Como se não bastasse, o autor explicita as estratégias desenvolvidas pelos índios no comércio com os europeus e a maneira como, ao contrário do que normalmente se espera, conseguiam manipulá-los para extrair vantagens, fosse na forma de um maior preço para as peles que ofereciam ou o acesso a uma quantidade maior de armas e objetos metálicos. Também é mostrado como a incorporação d tecnologias e produtos europeus alterou o modo de vida indígena, especialmente no que diz respeito à letalidade de suas guerra e, mais tarde, à exploraçãodos recursos naturais, que deixam de se voltar para a mera subsistência e passam a objetivar um mercado externo. Seja como for, o índio emerge não como uma vítima passiva da atividade incessante do colonizador europeu, mas como parte importante de um processo dialético de cooperação, luta e negociações complicadas.
O mais fascinante ao se dotar tal ponto de vista é a desconstrução da própria noção de "índio", bem como de "branco" e "negros": como o autor lembra logo na introdução, esses rótulos são simplificações construídas ao longo do tempo. Algonquianos, iroqueses, hopi, pueblos, entre outros, nunca se viram como parte de uma massa indistinta e homogênea de "índios", e a história de suas relações com os colonizadores europeus bem mostra a diversidade considerável desses povos, inclusive na parte que lhes coube na destruição de outros "índios"; da mesma forma, o que normalmente se considera genericamente como "ingleses" ou somente "brancos" envolvia escoceses, suecos, holandeses, irlandeses, franceses, espanhóis, ingleses propriamente ditos etc., uma gama tal de etnias e culturas que levou um bom tempo para se ver considerada sob o rótulo. de "brancos".
Nessa mesma linha, o fato da colonização europeia deixa de ser visto como o "início" de uma história americana progressiva. Como Taylor bem lembra, ao se olhar a história do povoamento americano na longa duração, a chegada europeia representou um grande recuo demográfico e, sob vários aspectos, uma perda material, humana e, claro, cultural. Nessa ótica, é difícil continuar adotando a velha narrativa de uma terra vazia a ser "desenvolvida" e que vai crescendo teleologicamente rumo à suprema realização que é o país no presente. A presença europeia torna-se apenas parte, ainda que inegavelmente importante, em um processo maior e mais longo da ocupação humana no continente.

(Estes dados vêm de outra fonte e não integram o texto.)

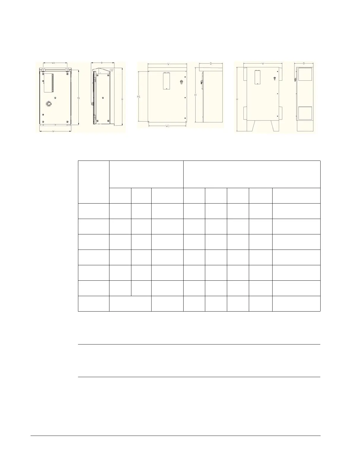 Dimensions: ACH550-BxR UL Type 3R/NEMA 3R, R1 through R8 Frame Size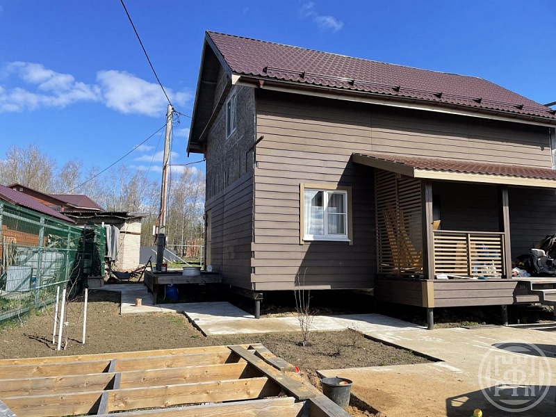 Дом построен по каркасной технологии, фундамент- железобетонные винтовые сваи.

O livro é muito envolvente e já retirei dele uma farta quantidade de material para aulas futuras de história norte-americana. É apaixonante essa descoberta e o aprofundamento em um assunto que, pelo menos nos cursos brasileiros de História, é quase sempre muito marginalizado, para não dizer desprezado. E embora não possa ficar muito tempo nele, espero conseguir inspirar nas novas turmas que adquiri um pouco da curiosidade pelo fascinante (ainda que trágico) mundo colonial no que viria a ser os Estados Unidos da América.